ABOUT THIS EXERCISE ▸
Leaving the pictures aside, return all of the data below exactly.

(Saved entries)
□ □ □ □ □ □ □

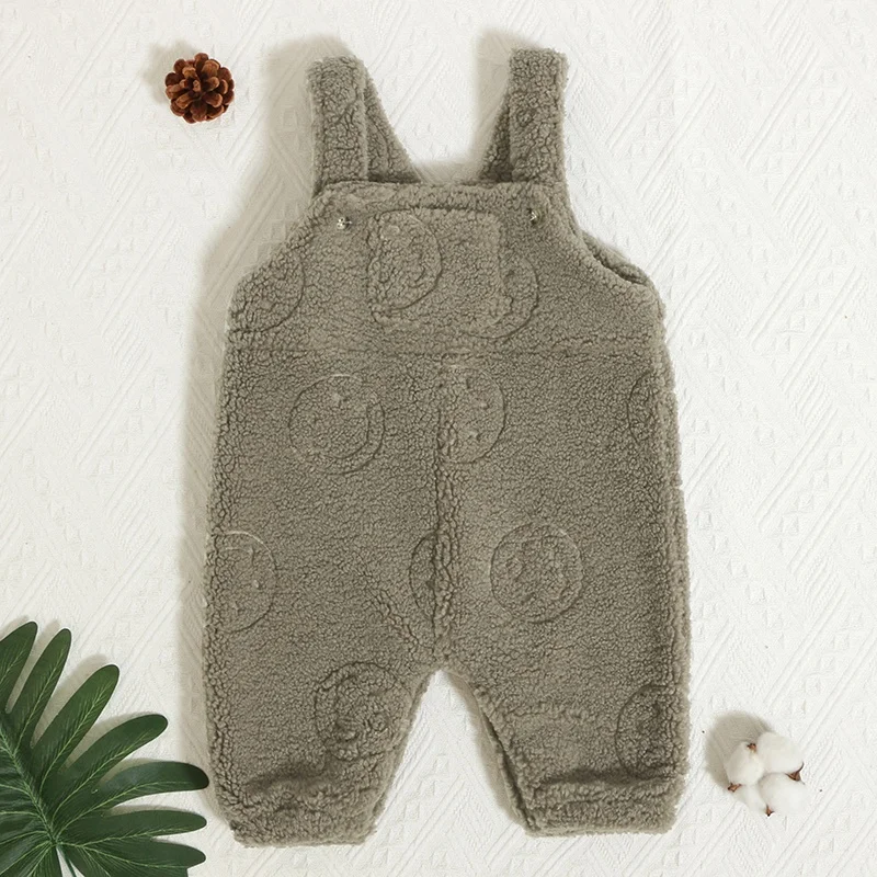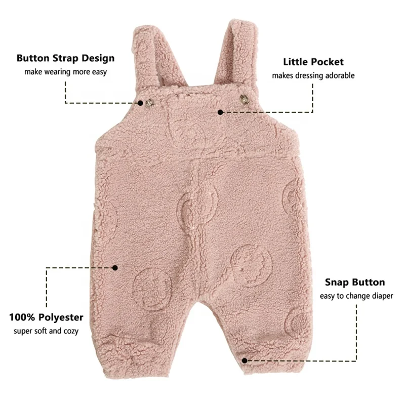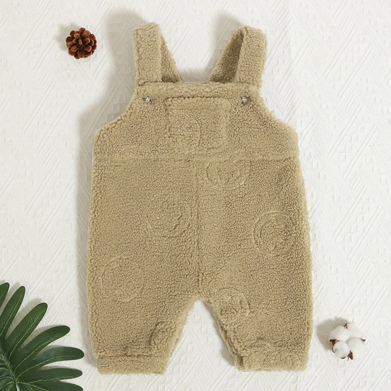 Wholesale Winter Teddy Baby Overalls Button Strap Design Neutral Jumpsuit Bubble Rompers
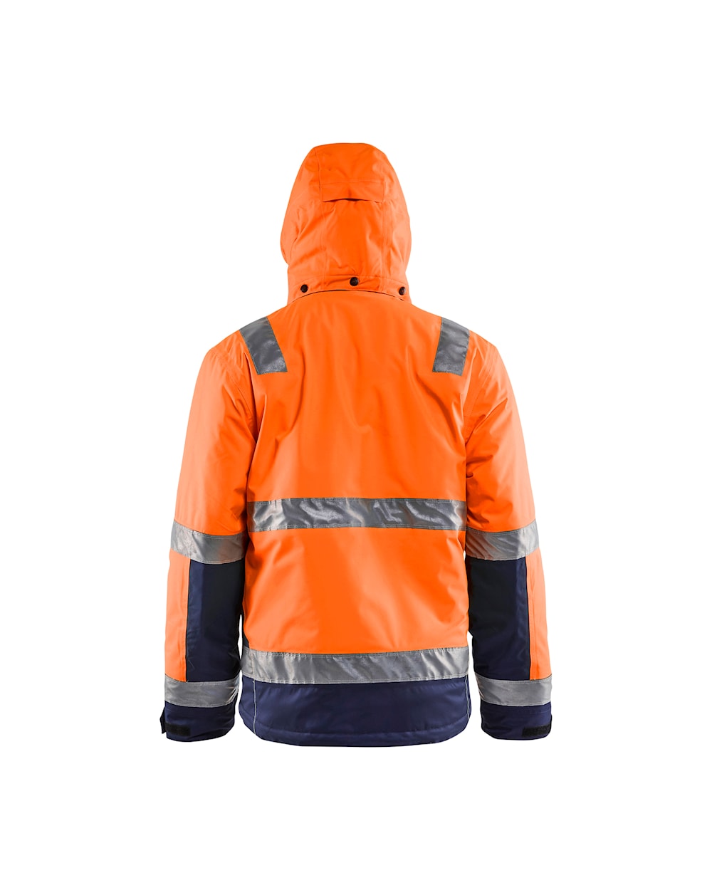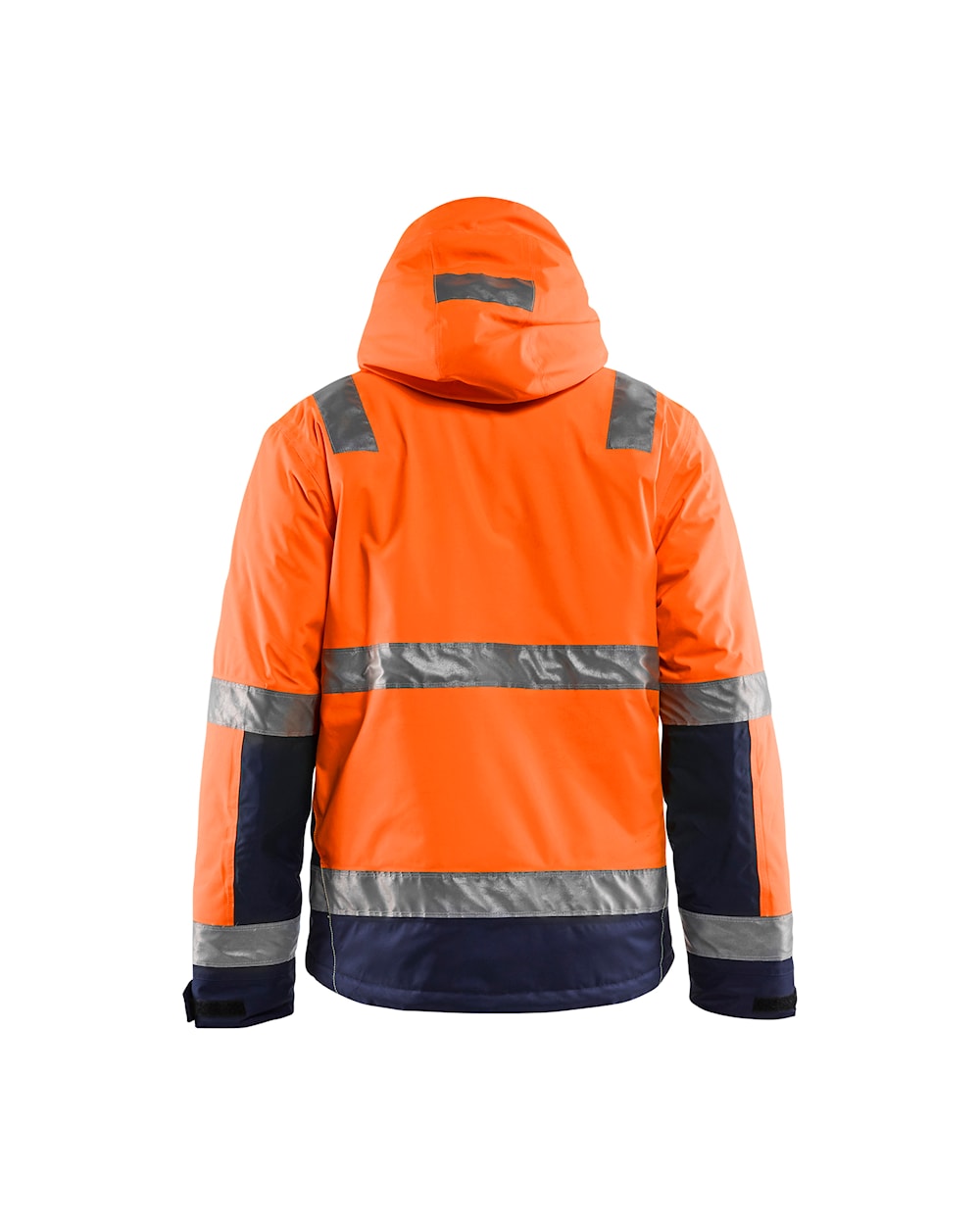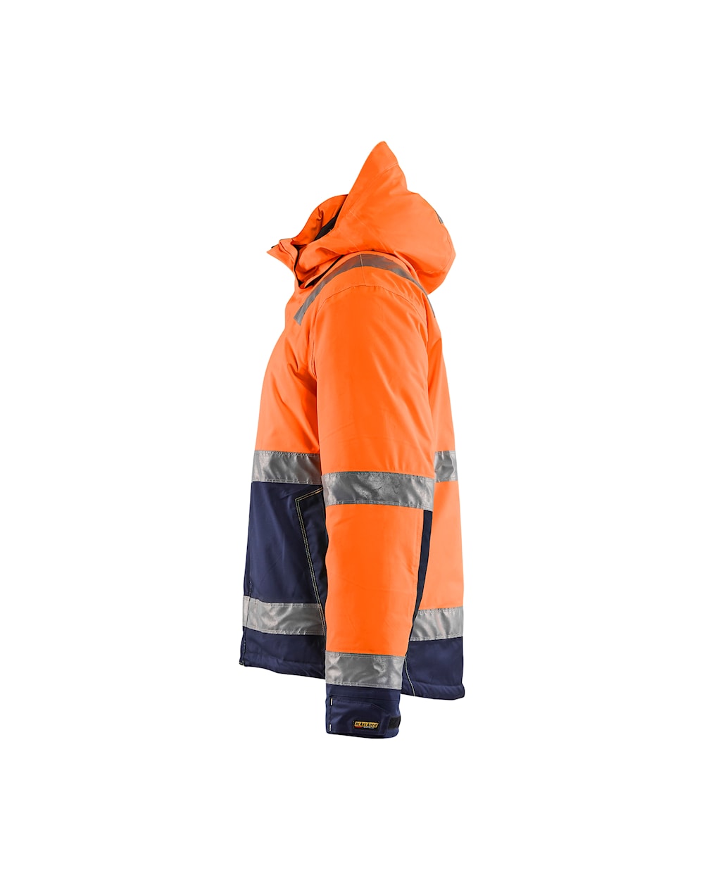 Hi-Vis-Winterjacke aus sehr strapazierfähigem, wind- und wasserdichtem sowie schmutzabweisendem Außenmaterial aus Stretch. Die Jacke verfügt über versiegelte Nähte und dunklere Farbfelder an den Stellen, die am meisten Schmutz ausgesetzt sind. Zu den geräumigen und praktischen Taschenlösungen gehören Fronttaschen, Brusttaschen mit Reißverschluss, Stifttasche und Handytasche sowie zwei Innentaschen, eine größere für z. B. Handschuhe und eine kleinere Tasche mit Velcro®-Verschluss.
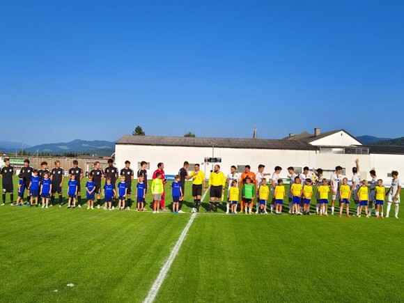 Begleitet von kräftigem Applaus betraten die Spieler des FC Raiffeisen Weißkirchen und des TSV Raiffeisen Neumarkt den Platz – an der Hand der Kinder aus der FC Weißkirchen Fußballjugend. Für die Nachwuchskicker war es ein unvergessliches Erlebnis, einmal Seite an Seite mit ihren Idolen einzulaufen. Wer weiß – vielleicht stehen einige von ihnen in ein paar Jahren selbst als Spieler hier auf dem Platz.
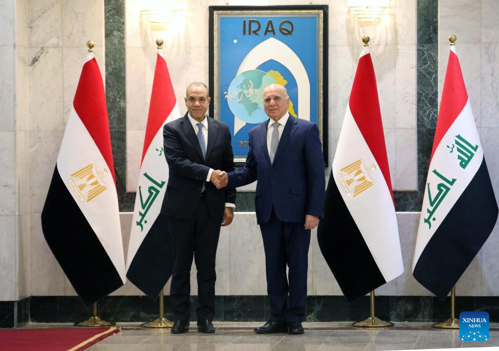 Iraqi Foreign Minister Fuad Hussein (R) shakes hands with his Egyptian counterpart Badr Abdelatty in Baghdad, Iraq, on April 9, 2026. Hussein met with Abdelatty here on Thursday evening to discuss regional de-escalation and the upcoming U.S.-Iran negotiations. (Xinhua/Khalil Dawood)
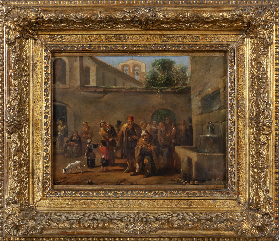 Scuola fiamminga-romana sec.XVII 'Mendicanti presso una fontana' olio su tavola

□ □ □ □ □ □ □

WRITTEN ANSWER ▸
 Wholesale Winter Teddy Baby Overalls Button Strap Design Neutral Jumpsuit Bubble Rompers
 Hi-Vis-Winterjacke aus sehr strapazierfähigem, wind- und wasserdichtem sowie schmutzabweisendem Außenmaterial aus Stretch. Die Jacke verfügt über versiegelte Nähte und dunklere Farbfelder an den Stellen, die am meisten Schmutz ausgesetzt sind. Zu den geräumigen und praktischen Taschenlösungen gehören Fronttaschen, Brusttaschen mit Reißverschluss, Stifttasche und Handytasche sowie zwei Innentaschen, eine größere für z. B. Handschuhe und eine kleinere Tasche mit Velcro®-Verschluss.
 Begleitet von kräftigem Applaus betraten die Spieler des FC Raiffeisen Weißkirchen und des TSV Raiffeisen Neumarkt den Platz – an der Hand der Kinder aus der FC Weißkirchen Fußballjugend. Für die Nachwuchskicker war es ein unvergessliches Erlebnis, einmal Seite an Seite mit ihren Idolen einzulaufen. Wer weiß – vielleicht stehen einige von ihnen in ein paar Jahren selbst als Spieler hier auf dem Platz.
 Iraqi Foreign Minister Fuad Hussein (R) shakes hands with his Egyptian counterpart Badr Abdelatty in Baghdad, Iraq, on April 9, 2026. Hussein met with Abdelatty here on Thursday evening to discuss regional de-escalation and the upcoming U.S.-Iran negotiations. (Xinhua/Khalil Dawood)
 Scuola fiamminga-romana sec.XVII 'Mendicanti presso una fontana' olio su tavola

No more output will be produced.